'''
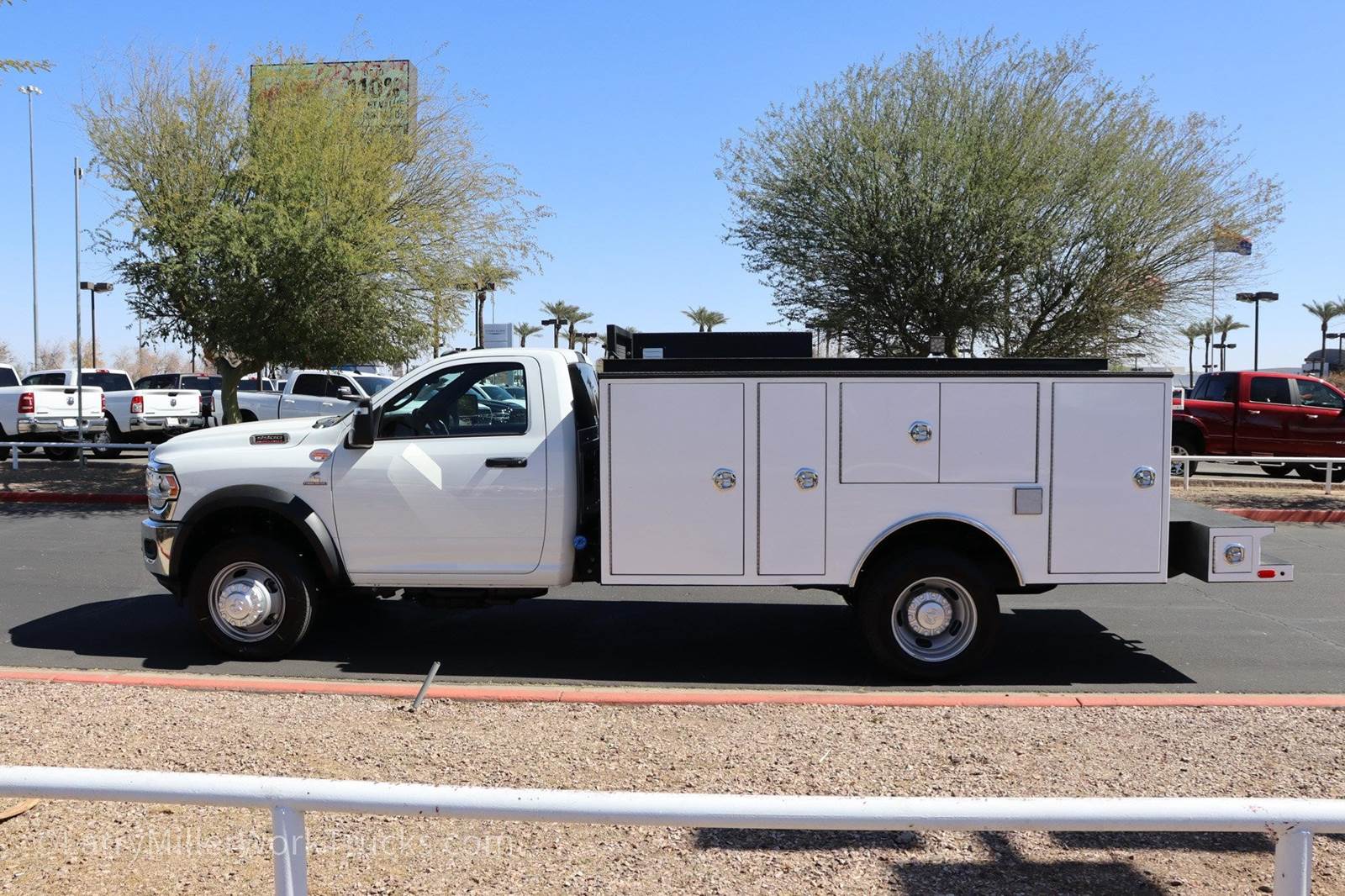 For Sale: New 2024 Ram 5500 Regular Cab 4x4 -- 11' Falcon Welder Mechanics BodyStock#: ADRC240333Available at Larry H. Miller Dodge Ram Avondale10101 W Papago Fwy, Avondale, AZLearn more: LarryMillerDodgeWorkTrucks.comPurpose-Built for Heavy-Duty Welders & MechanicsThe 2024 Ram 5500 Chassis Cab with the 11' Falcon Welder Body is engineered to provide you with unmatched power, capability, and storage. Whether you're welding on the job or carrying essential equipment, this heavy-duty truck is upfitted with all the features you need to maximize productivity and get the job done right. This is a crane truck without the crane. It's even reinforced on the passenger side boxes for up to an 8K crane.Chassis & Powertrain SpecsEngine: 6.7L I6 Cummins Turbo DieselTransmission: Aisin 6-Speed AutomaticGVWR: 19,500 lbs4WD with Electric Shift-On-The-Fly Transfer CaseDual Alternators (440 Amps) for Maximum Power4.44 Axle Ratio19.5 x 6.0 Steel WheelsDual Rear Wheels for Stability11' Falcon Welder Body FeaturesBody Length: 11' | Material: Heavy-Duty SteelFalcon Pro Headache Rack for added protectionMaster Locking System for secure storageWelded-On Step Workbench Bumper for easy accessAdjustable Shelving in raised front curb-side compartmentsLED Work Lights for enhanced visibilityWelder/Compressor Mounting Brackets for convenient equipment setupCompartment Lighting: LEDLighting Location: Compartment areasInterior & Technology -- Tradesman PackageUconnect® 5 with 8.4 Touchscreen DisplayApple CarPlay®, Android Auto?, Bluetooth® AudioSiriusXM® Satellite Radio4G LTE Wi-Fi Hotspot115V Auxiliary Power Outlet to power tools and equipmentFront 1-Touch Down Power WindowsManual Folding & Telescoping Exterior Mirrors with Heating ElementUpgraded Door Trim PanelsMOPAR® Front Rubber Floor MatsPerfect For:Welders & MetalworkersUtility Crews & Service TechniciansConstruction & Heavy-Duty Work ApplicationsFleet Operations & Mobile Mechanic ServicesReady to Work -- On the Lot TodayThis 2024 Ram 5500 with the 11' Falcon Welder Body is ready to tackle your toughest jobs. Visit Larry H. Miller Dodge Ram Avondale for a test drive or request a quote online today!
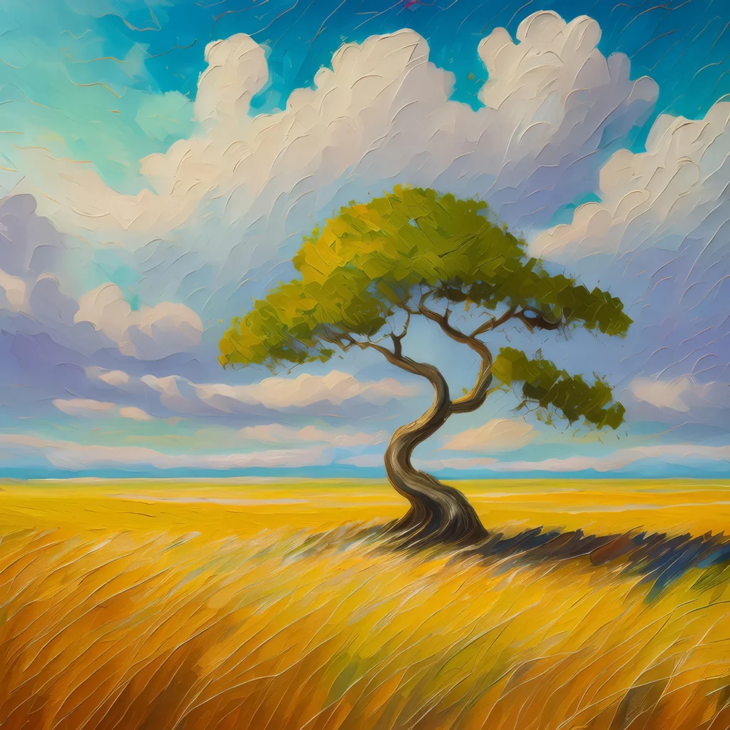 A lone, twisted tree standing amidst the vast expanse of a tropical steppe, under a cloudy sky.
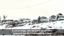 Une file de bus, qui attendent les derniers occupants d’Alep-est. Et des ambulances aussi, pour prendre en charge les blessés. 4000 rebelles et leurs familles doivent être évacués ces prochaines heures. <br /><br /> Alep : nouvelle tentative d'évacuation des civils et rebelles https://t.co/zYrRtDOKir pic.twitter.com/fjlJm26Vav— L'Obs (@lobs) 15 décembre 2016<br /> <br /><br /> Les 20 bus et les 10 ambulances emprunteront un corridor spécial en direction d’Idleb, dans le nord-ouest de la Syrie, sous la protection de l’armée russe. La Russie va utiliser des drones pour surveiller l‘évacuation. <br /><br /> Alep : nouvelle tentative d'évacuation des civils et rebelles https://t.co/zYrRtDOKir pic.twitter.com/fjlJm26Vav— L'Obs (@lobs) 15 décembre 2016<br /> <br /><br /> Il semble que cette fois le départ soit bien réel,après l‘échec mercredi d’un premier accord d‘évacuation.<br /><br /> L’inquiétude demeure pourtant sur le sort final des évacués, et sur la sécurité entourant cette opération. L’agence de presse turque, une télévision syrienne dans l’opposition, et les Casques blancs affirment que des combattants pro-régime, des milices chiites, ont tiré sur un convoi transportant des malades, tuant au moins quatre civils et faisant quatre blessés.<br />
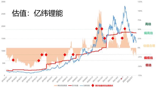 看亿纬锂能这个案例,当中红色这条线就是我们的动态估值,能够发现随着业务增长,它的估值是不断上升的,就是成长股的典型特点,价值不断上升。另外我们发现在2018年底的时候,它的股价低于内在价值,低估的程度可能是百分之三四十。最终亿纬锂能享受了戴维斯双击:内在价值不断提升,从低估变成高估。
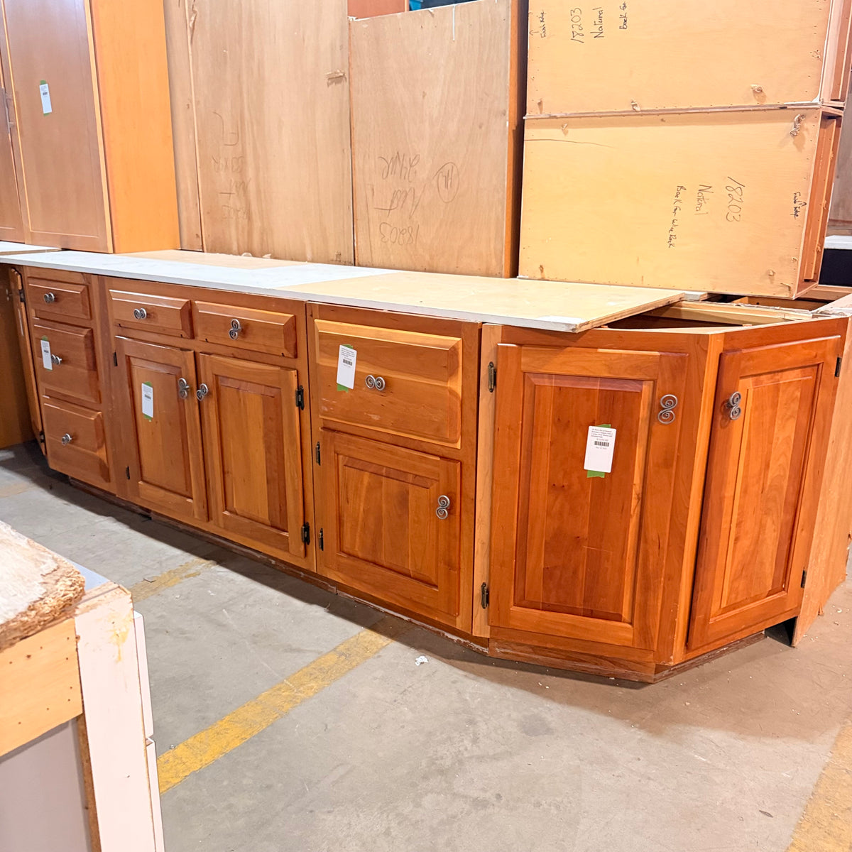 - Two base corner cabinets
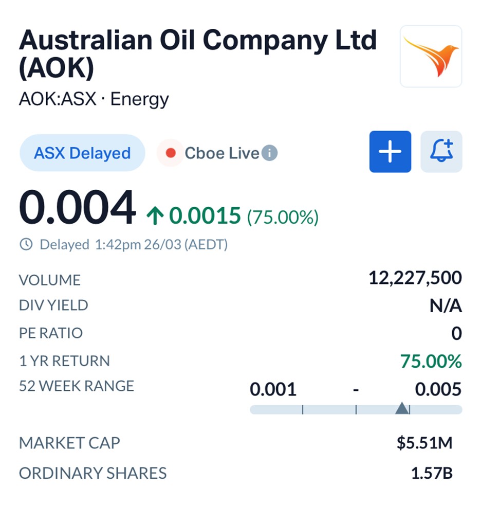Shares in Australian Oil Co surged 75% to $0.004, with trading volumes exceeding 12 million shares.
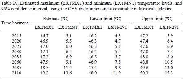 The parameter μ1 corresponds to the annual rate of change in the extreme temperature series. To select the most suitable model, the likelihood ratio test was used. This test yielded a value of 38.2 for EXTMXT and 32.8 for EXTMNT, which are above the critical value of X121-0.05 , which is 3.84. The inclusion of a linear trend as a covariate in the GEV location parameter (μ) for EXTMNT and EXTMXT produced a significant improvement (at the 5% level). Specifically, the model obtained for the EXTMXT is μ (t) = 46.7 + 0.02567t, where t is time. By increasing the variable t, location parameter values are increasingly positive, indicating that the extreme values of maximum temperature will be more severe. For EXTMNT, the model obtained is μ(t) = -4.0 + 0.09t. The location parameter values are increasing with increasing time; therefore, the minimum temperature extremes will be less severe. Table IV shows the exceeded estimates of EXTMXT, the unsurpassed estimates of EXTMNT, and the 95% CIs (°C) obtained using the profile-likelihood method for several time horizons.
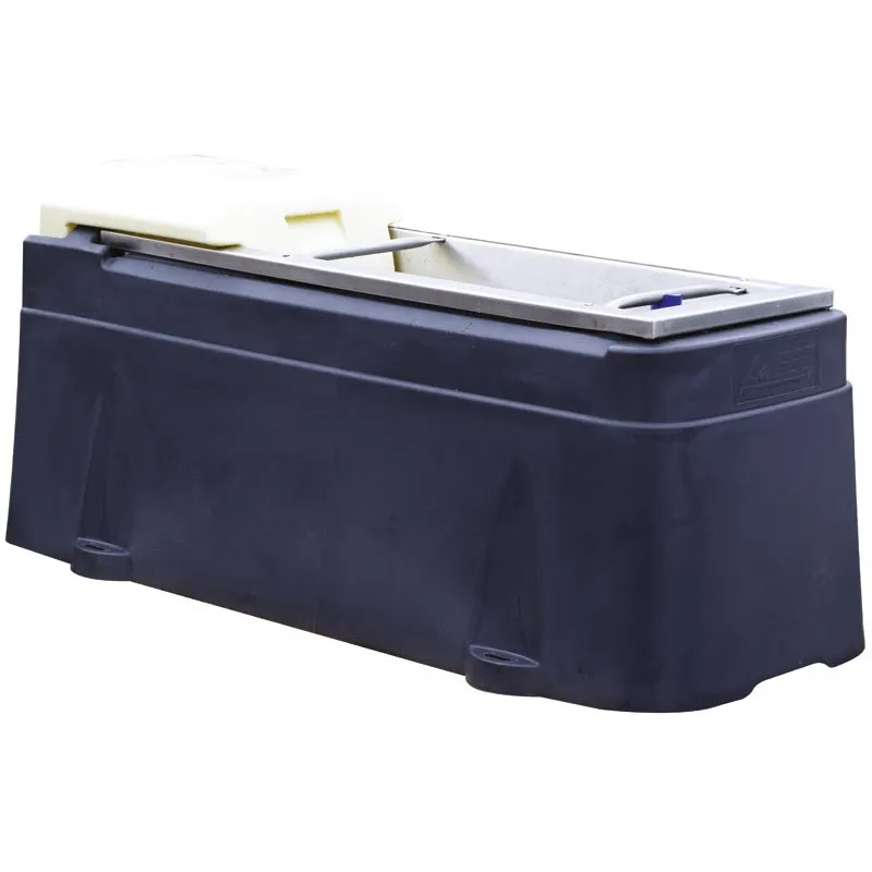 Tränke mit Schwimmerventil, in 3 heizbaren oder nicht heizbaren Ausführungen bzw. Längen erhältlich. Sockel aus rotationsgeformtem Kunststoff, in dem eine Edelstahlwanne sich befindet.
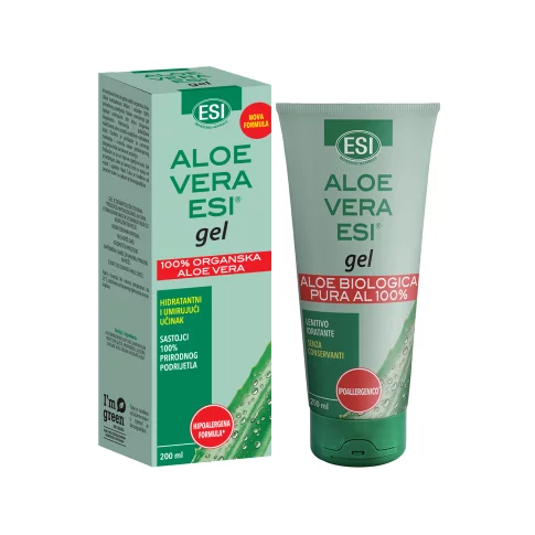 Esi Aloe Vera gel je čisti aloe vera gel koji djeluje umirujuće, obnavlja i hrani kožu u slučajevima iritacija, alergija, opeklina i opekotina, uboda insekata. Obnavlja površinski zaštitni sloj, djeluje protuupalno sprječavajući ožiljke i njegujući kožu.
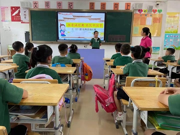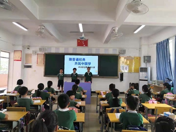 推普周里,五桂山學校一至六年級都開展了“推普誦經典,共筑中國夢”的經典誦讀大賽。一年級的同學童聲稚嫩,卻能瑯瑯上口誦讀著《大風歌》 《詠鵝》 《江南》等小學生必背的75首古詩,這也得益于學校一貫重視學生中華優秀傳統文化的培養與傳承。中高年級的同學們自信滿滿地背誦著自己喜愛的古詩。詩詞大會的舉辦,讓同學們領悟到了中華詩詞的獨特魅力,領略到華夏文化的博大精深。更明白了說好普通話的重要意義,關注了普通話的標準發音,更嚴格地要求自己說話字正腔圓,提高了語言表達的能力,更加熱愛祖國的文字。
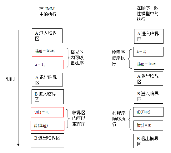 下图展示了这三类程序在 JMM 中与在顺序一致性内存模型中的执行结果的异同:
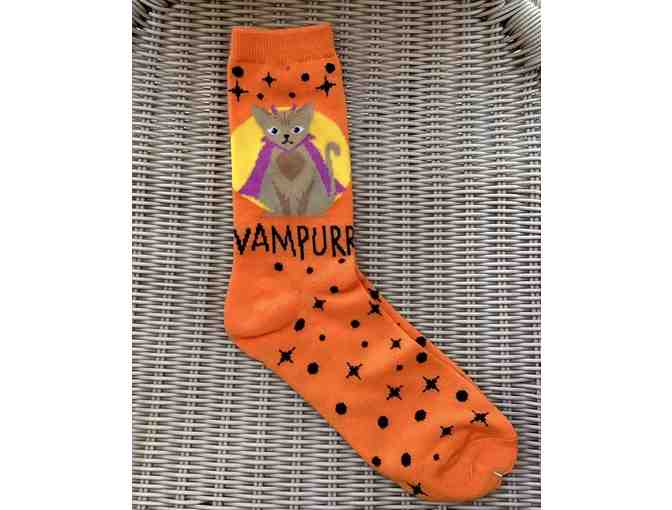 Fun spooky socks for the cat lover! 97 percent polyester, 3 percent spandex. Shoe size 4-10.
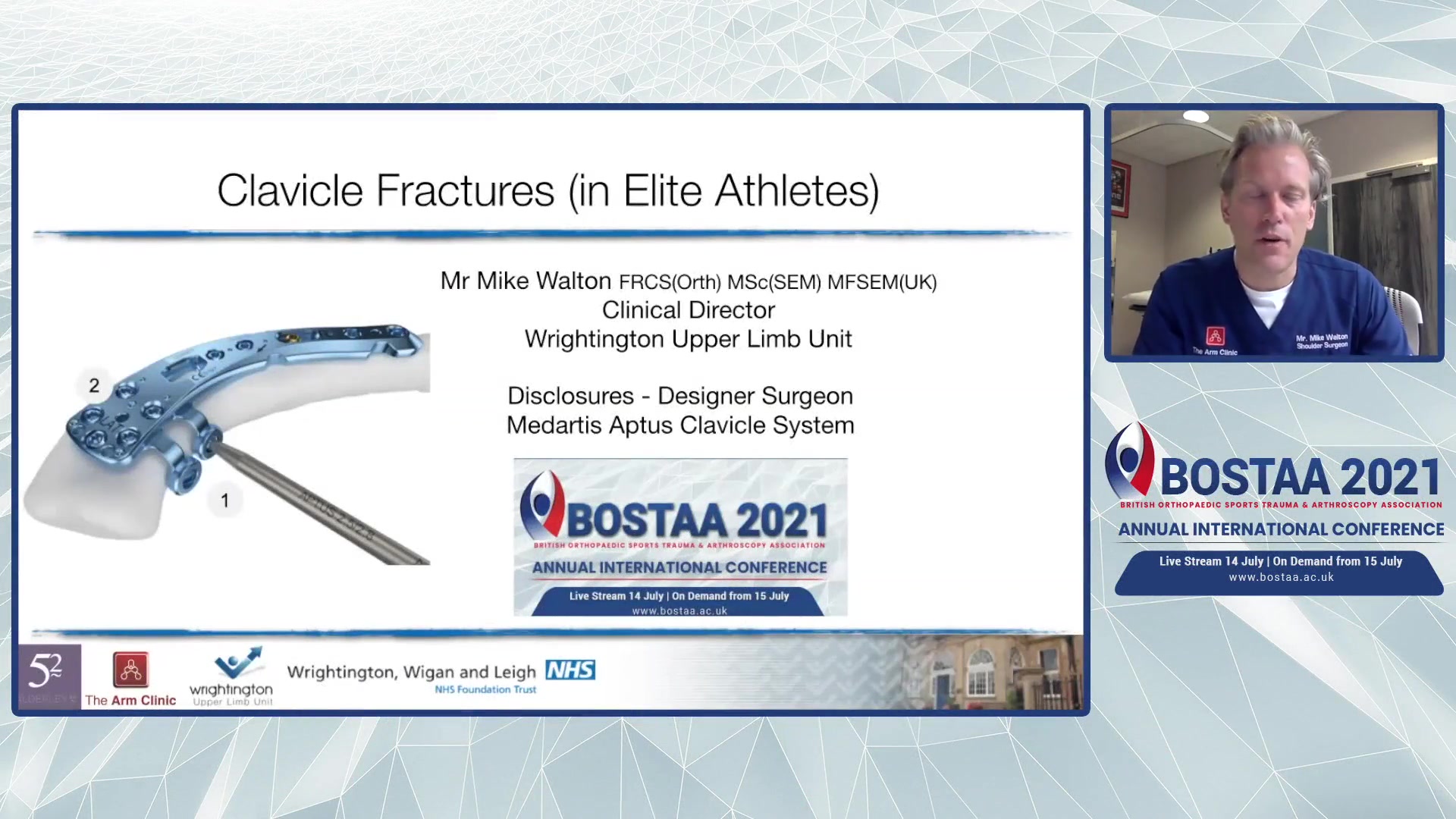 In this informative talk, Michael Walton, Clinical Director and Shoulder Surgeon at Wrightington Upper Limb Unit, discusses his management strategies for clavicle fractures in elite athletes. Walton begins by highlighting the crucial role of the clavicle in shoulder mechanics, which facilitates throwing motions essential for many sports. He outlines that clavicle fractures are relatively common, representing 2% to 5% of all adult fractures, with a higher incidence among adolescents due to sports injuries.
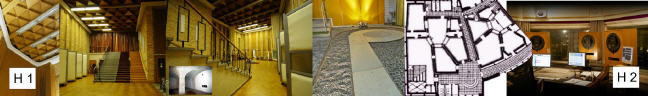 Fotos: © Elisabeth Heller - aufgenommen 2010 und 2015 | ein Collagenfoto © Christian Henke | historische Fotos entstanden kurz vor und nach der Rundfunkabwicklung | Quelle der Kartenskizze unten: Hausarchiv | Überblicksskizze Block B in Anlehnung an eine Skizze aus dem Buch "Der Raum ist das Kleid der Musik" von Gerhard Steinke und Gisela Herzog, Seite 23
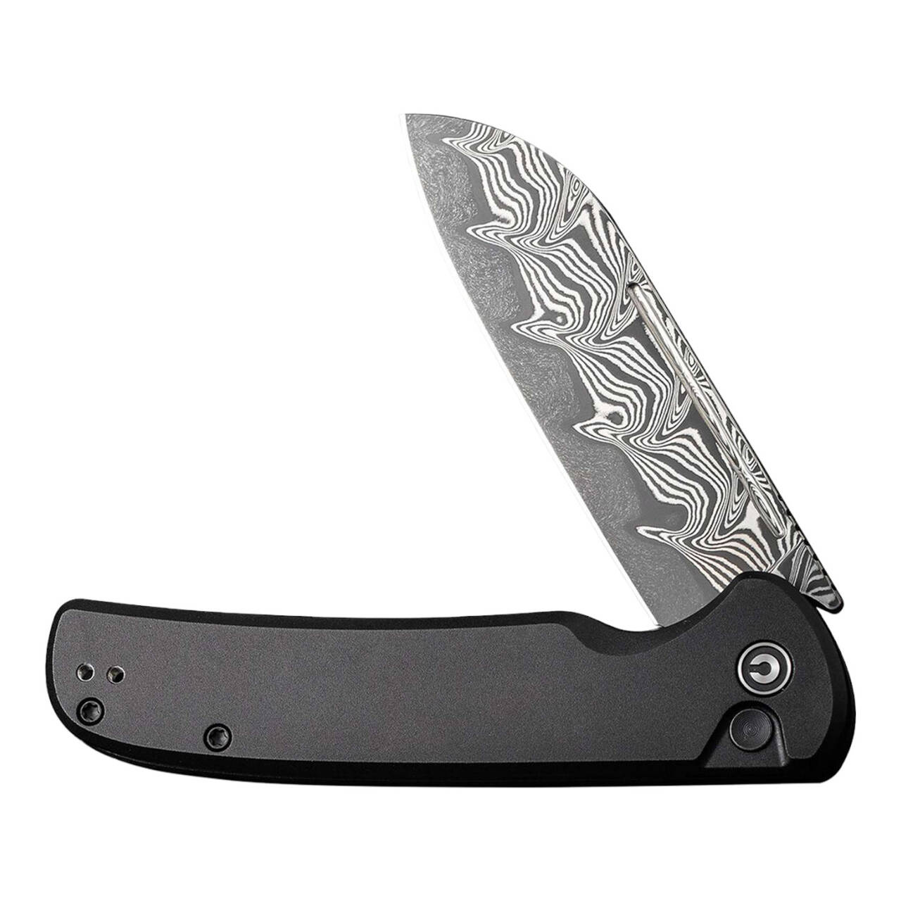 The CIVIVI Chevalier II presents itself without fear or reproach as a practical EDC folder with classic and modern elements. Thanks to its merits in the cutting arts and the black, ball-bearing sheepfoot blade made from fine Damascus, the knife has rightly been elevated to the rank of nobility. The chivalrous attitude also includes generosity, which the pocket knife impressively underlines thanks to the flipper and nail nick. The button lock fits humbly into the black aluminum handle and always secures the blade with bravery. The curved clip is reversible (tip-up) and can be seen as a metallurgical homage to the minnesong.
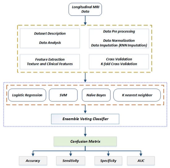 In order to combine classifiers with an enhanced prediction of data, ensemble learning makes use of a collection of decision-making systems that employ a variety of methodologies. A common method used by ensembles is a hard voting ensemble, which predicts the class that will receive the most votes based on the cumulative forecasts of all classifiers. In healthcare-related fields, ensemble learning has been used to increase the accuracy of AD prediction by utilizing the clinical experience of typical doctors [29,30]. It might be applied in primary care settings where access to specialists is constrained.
'''
HOW TO COMPLETE THIS TASK
Among the lines above, the one with "A lone, twisted" opens the part to repeat and the one with "Shares in Australian" closes it; repeat only that part exactly, with no pictures.

RESPONSE TO THIS TASK
 A lone, twisted tree standing amidst the vast expanse of a tropical steppe, under a cloudy sky.
 Une file de bus, qui attendent les derniers occupants d’Alep-est. Et des ambulances aussi, pour prendre en charge les blessés. 4000 rebelles et leurs familles doivent être évacués ces prochaines heures. <br /><br /> Alep : nouvelle tentative d'évacuation des civils et rebelles https://t.co/zYrRtDOKir pic.twitter.com/fjlJm26Vav— L'Obs (@lobs) 15 décembre 2016<br /> <br /><br /> Les 20 bus et les 10 ambulances emprunteront un corridor spécial en direction d’Idleb, dans le nord-ouest de la Syrie, sous la protection de l’armée russe. La Russie va utiliser des drones pour surveiller l‘évacuation. <br /><br /> Alep : nouvelle tentative d'évacuation des civils et rebelles https://t.co/zYrRtDOKir pic.twitter.com/fjlJm26Vav— L'Obs (@lobs) 15 décembre 2016<br /> <br /><br /> Il semble que cette fois le départ soit bien réel,après l‘échec mercredi d’un premier accord d‘évacuation.<br /><br /> L’inquiétude demeure pourtant sur le sort final des évacués, et sur la sécurité entourant cette opération. L’agence de presse turque, une télévision syrienne dans l’opposition, et les Casques blancs affirment que des combattants pro-régime, des milices chiites, ont tiré sur un convoi transportant des malades, tuant au moins quatre civils et faisant quatre blessés.<br />
 看亿纬锂能这个案例,当中红色这条线就是我们的动态估值,能够发现随着业务增长,它的估值是不断上升的,就是成长股的典型特点,价值不断上升。另外我们发现在2018年底的时候,它的股价低于内在价值,低估的程度可能是百分之三四十。最终亿纬锂能享受了戴维斯双击:内在价值不断提升,从低估变成高估。
 - Two base corner cabinets
Shares in Australian Oil Co surged 75% to $0.004, with trading volumes exceeding 12 million shares.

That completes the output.